He was the Ultimate Adversary
What appears from a modern perspective to be theological hairsplitting and intellectual contortionism was, in the fourth and fifth centuries, the stuff of intense, erudite, and sometimes violent debate. Today’s saint was of that heroic age when the Church, just legalized, came bursting out of her cage like a lion. She had been locked up, roaming her cramped space, half starved and small muscled when, all of a sudden, the door was lifted and the world was hers. There followed two centuries of aggressive debate, sharp criticism, harsh reactions, rough counter reactions, and prolific letter writing until several Church Councils standardized the Church’s basic theology. Saint Cyril was a key actor in this theodrama. He was educated, irascible, strong willed, politically astute, brilliant, and utterly convinced that his theology of Christ was correct. It was. What mattered in the fifth century still matters today.

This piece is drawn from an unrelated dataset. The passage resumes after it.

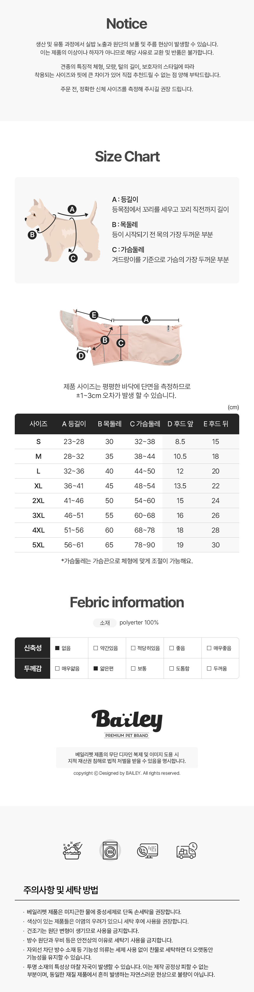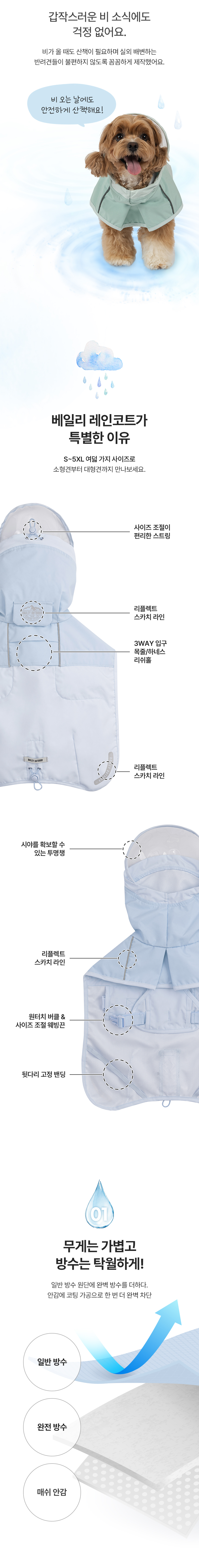• 베일리펫 중형견 대형견 우비 비옷 아웃도어 레인코트 스카이 (3XL-5XL)

Saint Cyril was the Patriarch of Alexandria, Egypt, from 412–444 A.D, when it was a major city in the late Roman Empire. The Patriarch of Constantinople as of 428 was a monk from Antioch named Nestorius. He taught that Saint Mary was the Christ-bearer but not the God-bearer. Nestorius is also associated with the related false teaching that there are two hypostatic unions in Jesus Christ, one divine and one human, a theory which locates two persons in the one body of Jesus. Various critics immediately identified the errors in Nestorius’ teachings, but Cyril of Alexandria was the most tenacious in denouncing him. Cyril wrote to the Pope and demanded that the Patriarch of Constantinople either retract his false teaching or be excommunicated.
A church council was called in Ephesus in 431 to settle the matter. The forceful Cyril took total command of the Council’s proceedings, and, after numerous machinations as political as they were theological, the council declared Mary the Mother of God—and Nestorius a heretic. With explicit papal support, Nestorius was removed from his see. Recriminations and counter-recriminations followed, damaging the reputations of all involved. Some regions of Syria followed Nestorius’ teachings and separated from the Church over the question of Christ’s natures. Certain divisions remain even until today. But the teachings of the Council of Ephesus, and the related Council of Chalcedon in 451, dogmatically defined the Church’s Christology for posterity. Cyril and his followers saved the day.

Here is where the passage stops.